Plaintiff's complaint, filed October 9, 2007, is set forth in its entirety (not including exhibits):
This is an appeal for court review from a series of appeals on the Federal level and a legal claim against the California Department of Health Services (see enclosed exhibits). The plaintiff is a disabled person suffering from multiple disabilities and medical conditions. The defendants are the U.S. Department of Health and Human Services who administer the Medicare Part D program and the California Department of Health Services who administer the Medi-Cal program (i.e., Medi-Cal Director).
On January 1, 2007, Congress and the U.S. President signed into law an exclusion from Part D Medicare prescription drugs that barred Medicare patients from purchasing Viagra (under the Medicare Part D plan). About the same time, Medi-Cal barred Medi-Cal patients from obtaining Viagra by means of a TAR or Treatment Authorization Request (at no cost). Plaintiff, who has dual Medicare Part D and Medi-Cal coverage, was barred from obtaining Viagra -- unless he pays $88.00 for a bottle of six Viagra, which he can not do on an income of $876 per month (SSDI & SSI).
Plaintiff, herein, makes the following legal claims about the above matter(s). That Medicare Part D's barring of Viagra as a prescription drug is discriminatory against the male gender under the U.S. Sex Discrimination Act and that it is also unconstitutional because it prevents men from living a life guaranteed by life, liberty and the pursuit of happiness under the U.S. Constitution. When making his appeals, plaintiff appeals about the above claims could not be ruled on by the various administrative agencies because of lack of jurisdiction. [Sic]. Therefore, plaintiff beseeches the court to rule on these legal claims, and reminds the court that the government would not do to women in denying birth control pills what they have backgrounded to plaintiff as a disabled man in denying him Viagra.
Finally, plaintiff also contends that the California Medi-Cal Director has violated Title II of the Americans with Disabilities Act by denying a TAR request for plaintiff as a disabled man out of medical necessity. Plaintiff's request for Viagra is out of medical necessity because plaintiff lacks stamina and energy due to numerous conditions including major depression, Tourette syndrome, hemochromatosis, Barrett's disease, and anxiety disorder and acid-reflux.
Plaintiff seeks the following in restitution for being denied Viagra under his Kaiser Senior Advantage Medicare Part D & Medi-Cal plans:
1) That plaintiff be allowed to purchase Viagra under Medicare Part D for a bottle of six pills at $3.10 per bottle.
2) That Medi-Cal grant plaintiff's TAR requests for Viagra for a bottle of 6 pills at no charge.
3) That defendants pay plaintiff $5,000 each for punitive and compensatory damages as a result of the pain and suffering they have caused plaintiff in denying him Viagra.
Plaintiff challenges that portion of the Medicare Prescription Drug, Modernization and Improvement Act of 2003 ("MMA"), 42 U.S.C. § 1395w-101, et seq., that excludes federal and state coverage for drugs or agents used for the treatment of sexual dysfunction.
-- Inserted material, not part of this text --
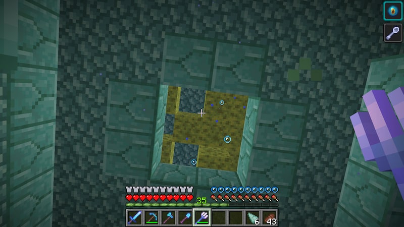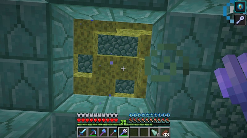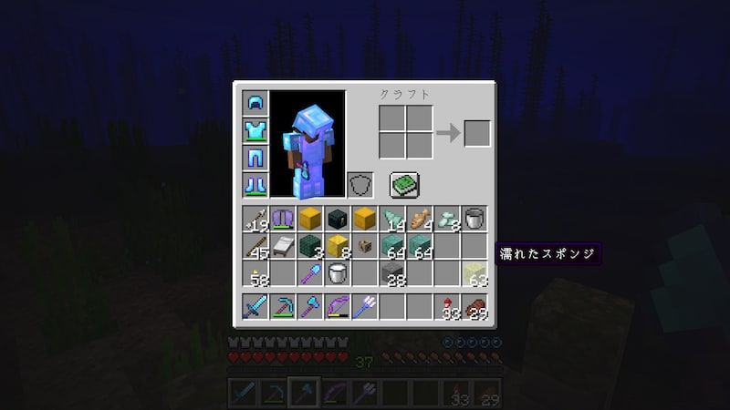このワールドでは3つの海底神殿を攻略していますが、すべての海底神殿でスポンジ部屋が2つありました。何年か前に3つ4つ攻略してもひとつもスポンジ部屋がなかったので、何か変わったのか、それとも今回は運がいいだけ?

The State of California, through its Medi-Cal program, has implemented the MMA through enactment of Welfare and Institutions Code § 14133.23.
B. Administrative Proceedings*fn5
As a dual eligible enrollee, plaintiff originally received prescriptions for Viagra; however, once the change in law excluding this drug became effective on January 1, 2007, plaintiff's insurance, Kaiser Permanente Senior Advantage Medicare Part D Plan, ceased coverage after a one month transitional supply was provided. (AR 153-56.) Plaintiff requested review of the noncoverage which was affirmed by Kaiser on February 18, 2007. (AR 125-28.) On March 6, 2007, plaintiff appealed the denial of coverage to an independent review entity that contracts with Centers for Medicare and Medicaid Services. (AR 105-06.) The noncoverage decision was upheld on March 15, 2007. (AR 62-65.) Plaintiff requested a hearing before an ALJ and a telephonic hearing was held on May 18, 2007. (AR 145-62.) The ALJ issued an unfavorable decision on May 23, 2007, finding that Kaiser was not required to cover plaintiff's Viagra prescription. (AR 12-18.) Plaintiff then requested review of this decision by the Medicare Appeals Council which issued a decision adopting the ALJ's decision as the final decision of the Secretary of HHS. (AR 3-6.) Plaintiff filed the instant action on October 9, 2007.
A. Motion to Dismiss Pursuant to Fed. R. Civ. P. 12(b)(1)
"When subject matter jurisdiction is challenged under Federal Rule of Procedure 12(b)(1), the plaintiff has the burden of proving jurisdiction in order to survive the motion. A plaintiff suing in a federal court must show in his pleading, affirmatively and distinctly, the existence of whatever is essential to federal jurisdiction, and, if he does not do so, the court, on having the defect called to its attention or on discovering the same, must dismiss the case, unless the defect be corrected by amendment." Tosco Corporation v. Communities for a Better Environment, 236 F.3d 495, 499 (9th Cir. 2001) (citations and internal quotations omitted).
Ordinarily, when "matters outside the pleadings are presented to . . . the court, the motion shall be treated as one for summary judgment." Fed. R. Civ. P. 12(c). However, when there is a factual question about whether a court has jurisdiction, the trial court may consider affidavits or any other evidence properly before the court. Sommatino v. United States, 255 F.3d 704, 710 (9th Cir. 2001); Am. Med. Colleges v. United States, 217 F.3d 770, 778 (9th Cir. 2000). Thus, unlike the strict limitations under Rule 12(b)(6) against considering matters outside the complaint, a Rule 12(b)(1) motion may refer to evidence extraneous to the complaint without converting it into a Rule 56 motion for summary judgment. Sun Valley Gas v. Ernst Enters., Inc., 711 F.2d 138,139 (9th Cir. 1983).
B. Motion to Dismiss Pursuant to Fed. R. Civ. P. 12(b)(6)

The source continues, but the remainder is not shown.